(Input data)
┌────────

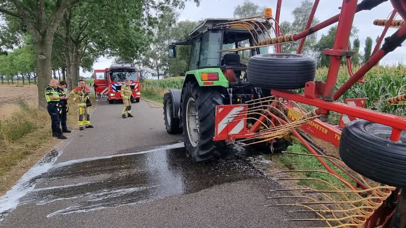 Een trekker met daarachter een hark heeft vrijdagmiddag vlam gevat in het buitengebied van Harreveld...
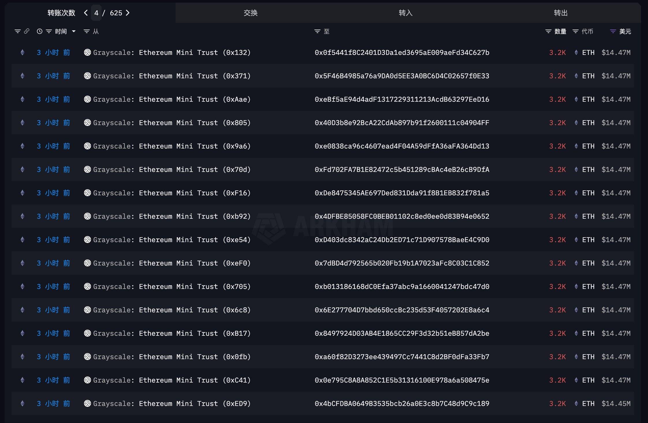 灰度 Ethereum Mini Trust ETF 地址向 67 个新钱包转移 21.44 万枚 ETH,价值约 9.67 亿美元
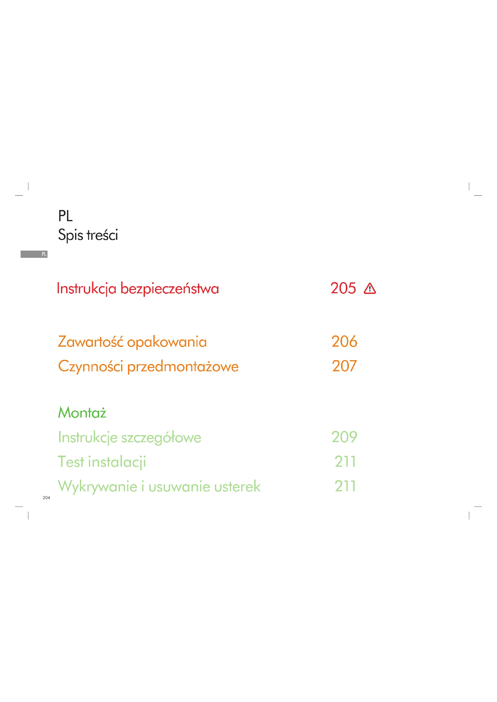 Instrukcja bezpieczeństwa Zawartość opakowania Czynności przedmontażowe Montaż Instrukcje szczegółowe Test instalacji Wykrywanie i usuwanie usterek
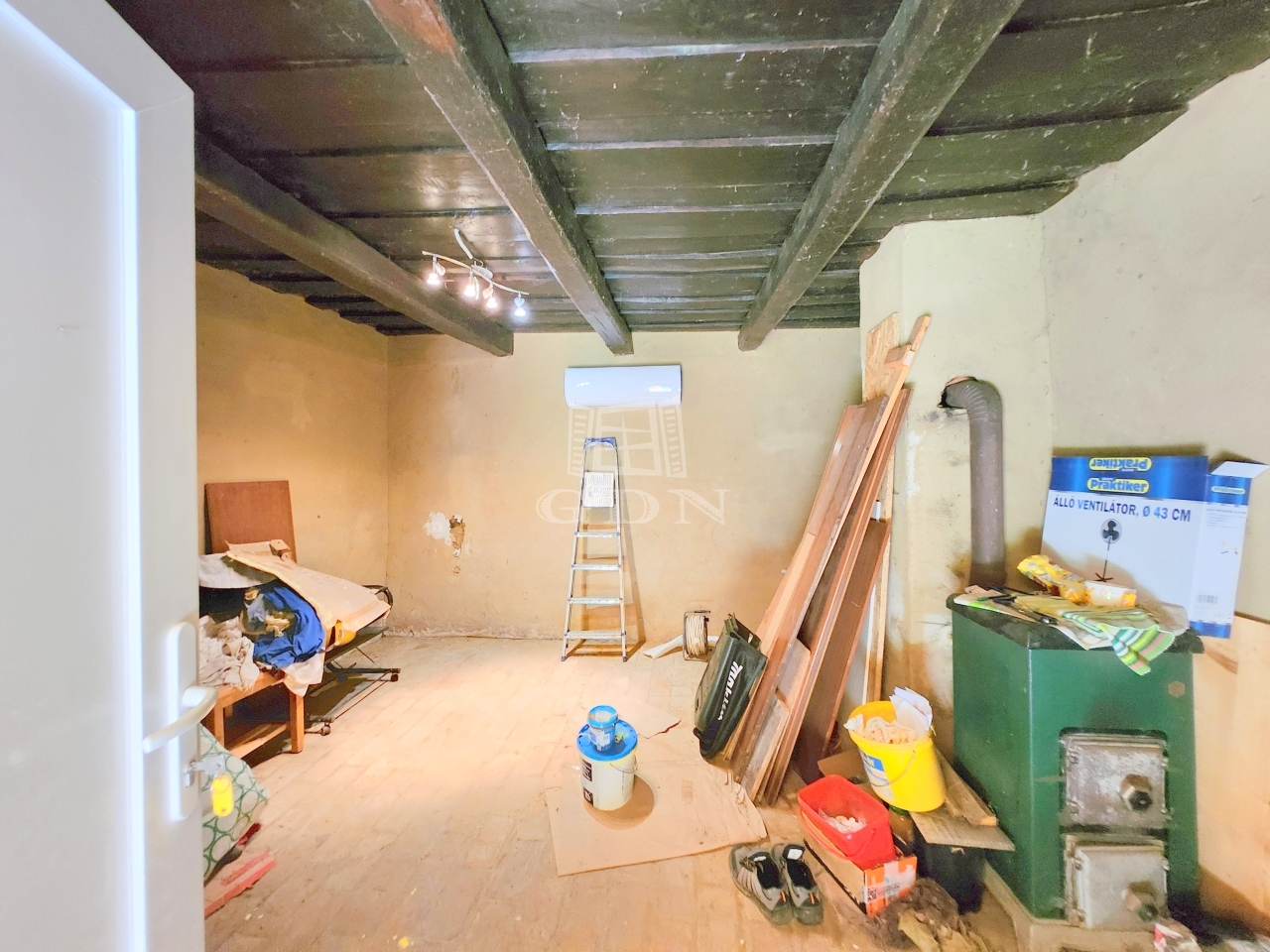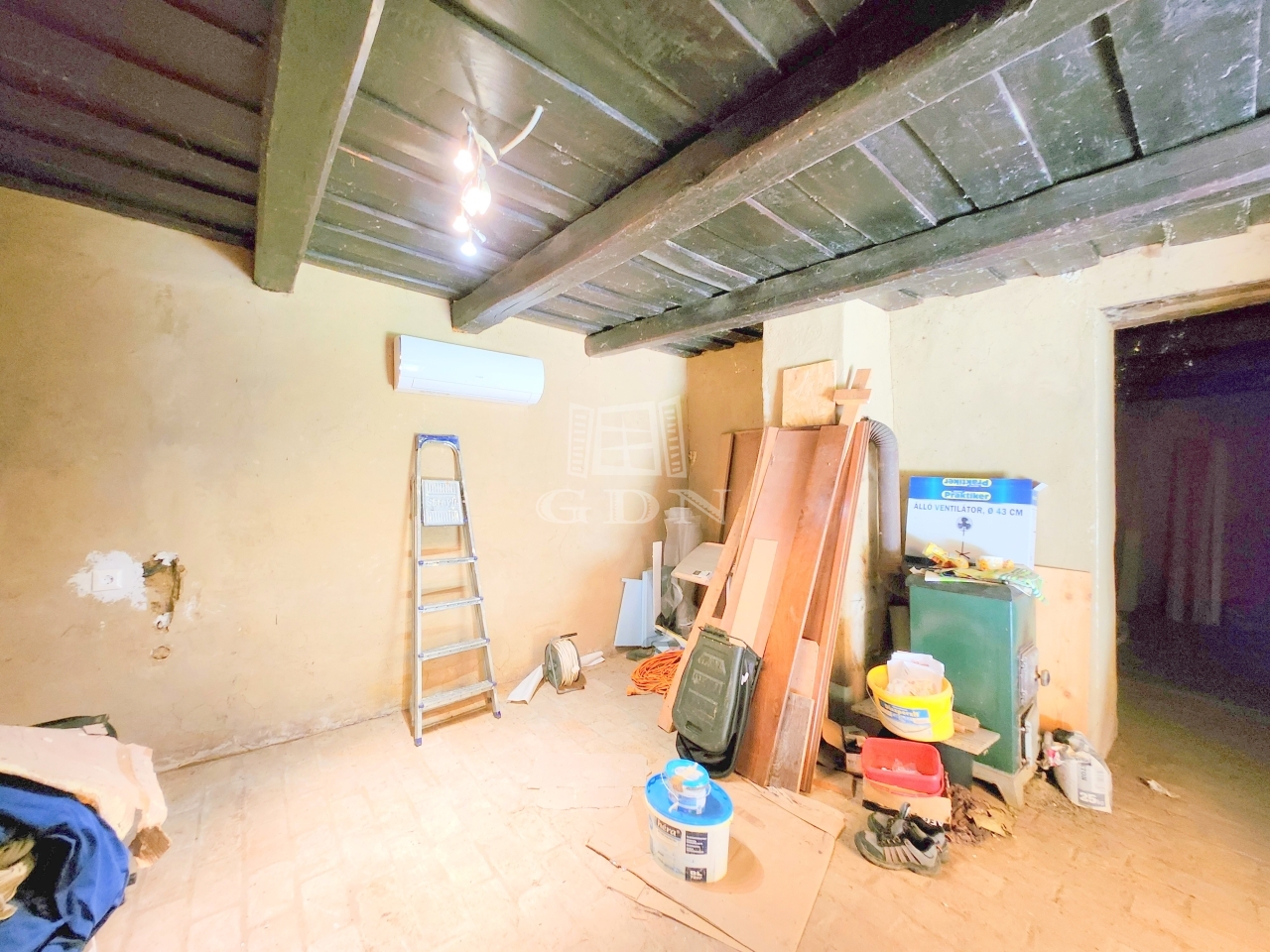Az áramhálózat, illetve tető felújítás lezajlott, utóbbi szintén cserepes lemezzel borított. Fagerendás döngölt földdel ellátott födémmel rendelkezik, melyen betonkoszorút találunk.
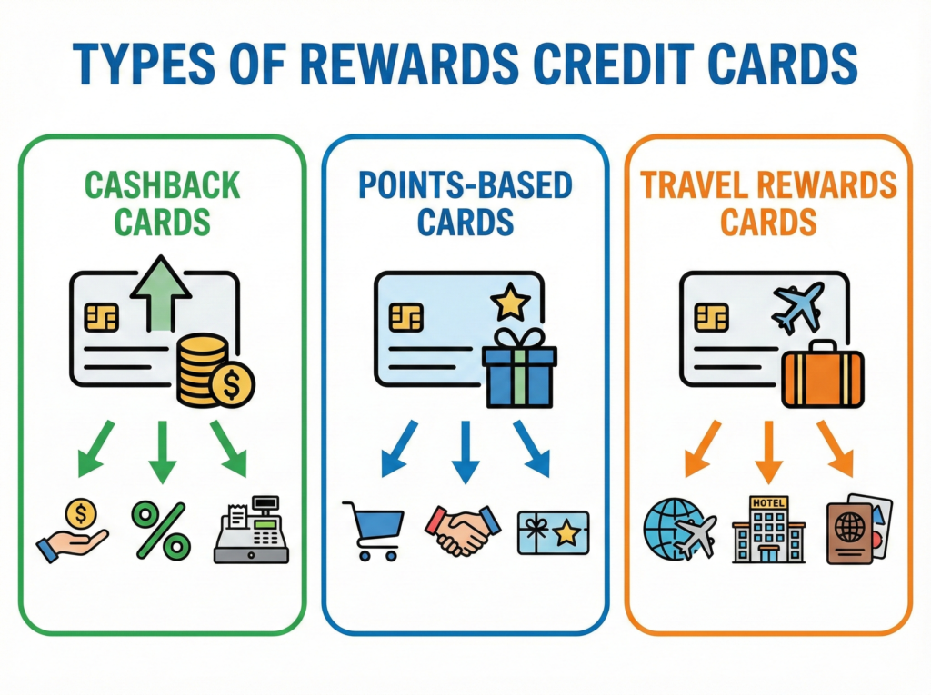 There are several types of rewards credit cards, each offering unique advantages. The most common types include cashback cards, points-based cards, and travel rewards cards.
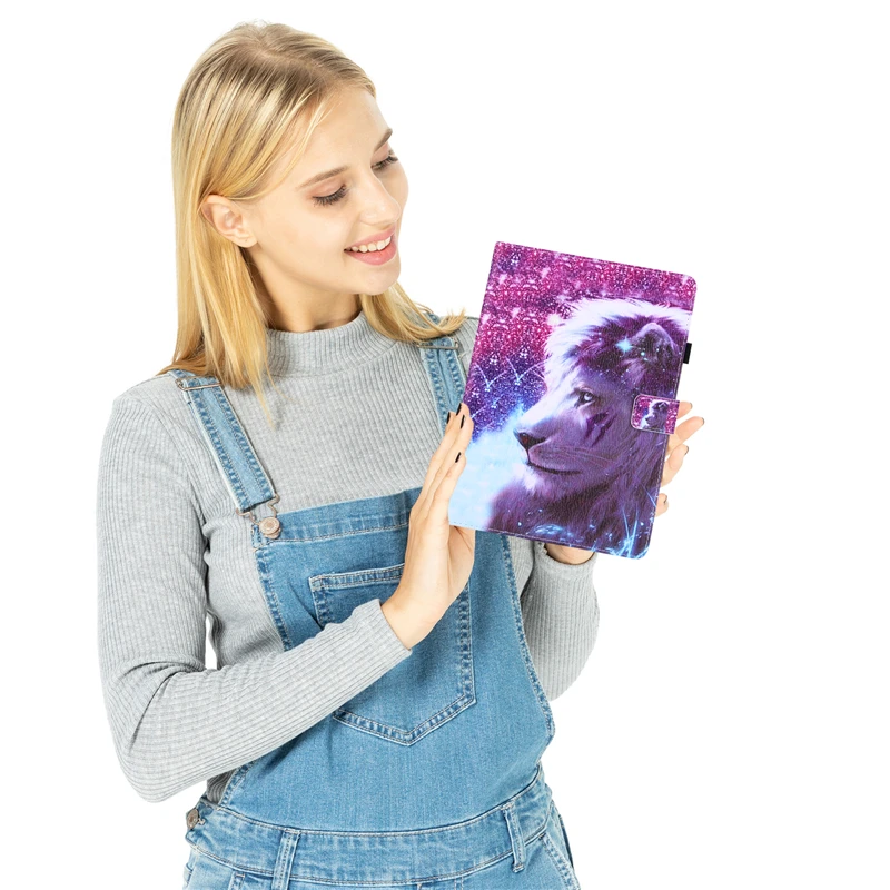 100% новый бренд, высокое качество, Новое поступление, роскошный модный милый мультяшный единорог, Бабочка, красочная картина, цветок, Череп, слон, блеск, луна, фламинго, Лев, дерево, волк для мужчин, детей, мальчиков и девочек, искусственная кожа, откидная подставка, слот для карт, чехол для планшета, защитный чехол чехлы Кожаные чехлы coque capa чехол etui.
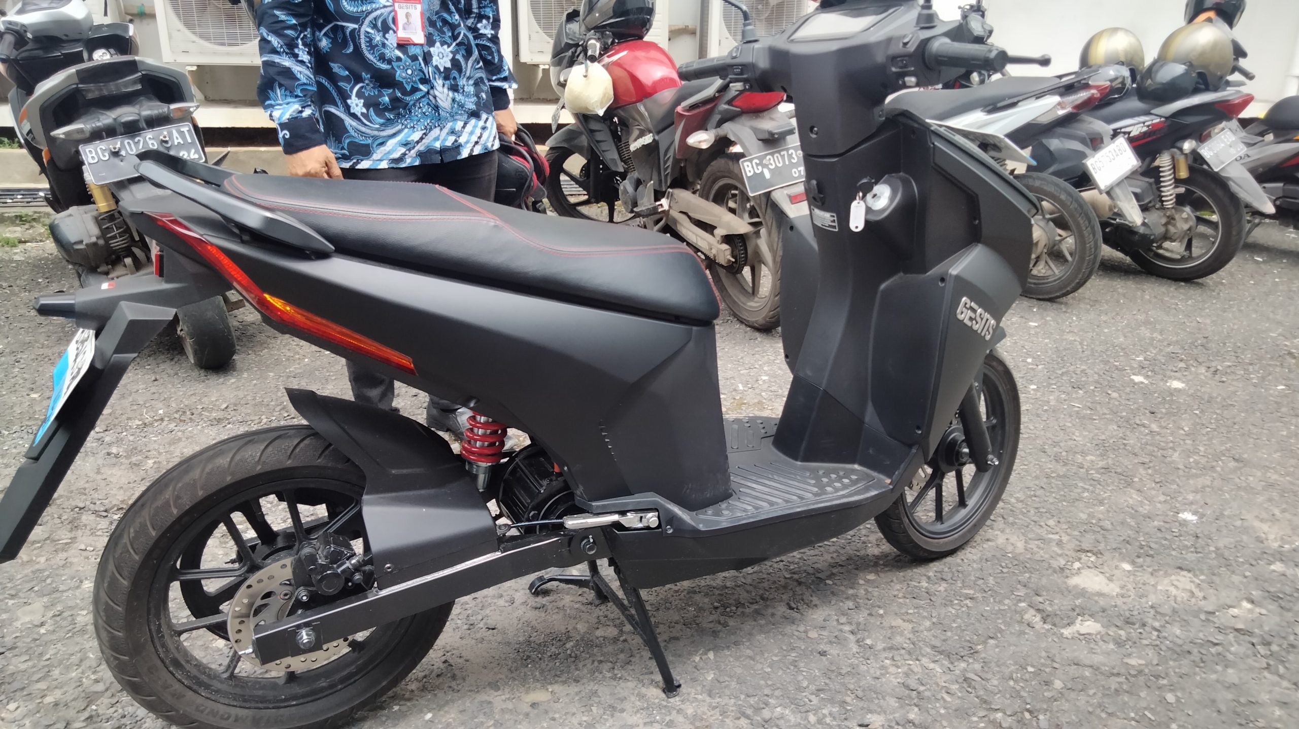 “Motor listrik ini menggunakan mesin 2 KwH atau 2.000 Watt dengan sistem penggerak pulih. GESITS adalah motor matic. Untuk baterai bisa ditempuh dengan jarak sekitar 50 km/jam maksimal 70 km/jam. Sedangkan untuk charge full dari 0 sampai ke 100 persen hanya memakan daya 1,4 kwh atau kurang lebih Rp. 2 ribu selama 3 atau 4 jam,” bebernya.
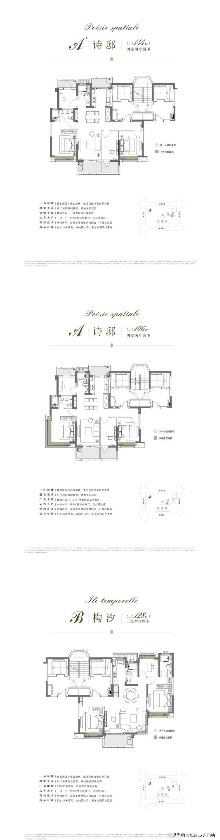 项目以116㎡户型为起步,纯粹改善型社区,所有户型都做到了约3.15米的层高,比普通住宅的层高更是多了35厘米左右,一梯一户的专属配置,预留的约7㎡独立入户区。建面约144㎡和146㎡的4房甚至做了4个阳台。

└────────

(The problem) Although the records contain pictures, only their text should be repeated, exactly as it appears.

(Answer section)
 Een trekker met daarachter een hark heeft vrijdagmiddag vlam gevat in het buitengebied van Harreveld...
 灰度 Ethereum Mini Trust ETF 地址向 67 个新钱包转移 21.44 万枚 ETH,价值约 9.67 亿美元
 Instrukcja bezpieczeństwa Zawartość opakowania Czynności przedmontażowe Montaż Instrukcje szczegółowe Test instalacji Wykrywanie i usuwanie usterek
Az áramhálózat, illetve tető felújítás lezajlott, utóbbi szintén cserepes lemezzel borított. Fagerendás döngölt földdel ellátott födémmel rendelkezik, melyen betonkoszorút találunk.
 There are several types of rewards credit cards, each offering unique advantages. The most common types include cashback cards, points-based cards, and travel rewards cards.
 100% новый бренд, высокое качество, Новое поступление, роскошный модный милый мультяшный единорог, Бабочка, красочная картина, цветок, Череп, слон, блеск, луна, фламинго, Лев, дерево, волк для мужчин, детей, мальчиков и девочек, искусственная кожа, откидная подставка, слот для карт, чехол для планшета, защитный чехол чехлы Кожаные чехлы coque capa чехол etui.
 “Motor listrik ini menggunakan mesin 2 KwH atau 2.000 Watt dengan sistem penggerak pulih. GESITS adalah motor matic. Untuk baterai bisa ditempuh dengan jarak sekitar 50 km/jam maksimal 70 km/jam. Sedangkan untuk charge full dari 0 sampai ke 100 persen hanya memakan daya 1,4 kwh atau kurang lebih Rp. 2 ribu selama 3 atau 4 jam,” bebernya.
 项目以116㎡户型为起步,纯粹改善型社区,所有户型都做到了约3.15米的层高,比普通住宅的层高更是多了35厘米左右,一梯一户的专属配置,预留的约7㎡独立入户区。建面约144㎡和146㎡的4房甚至做了4个阳台。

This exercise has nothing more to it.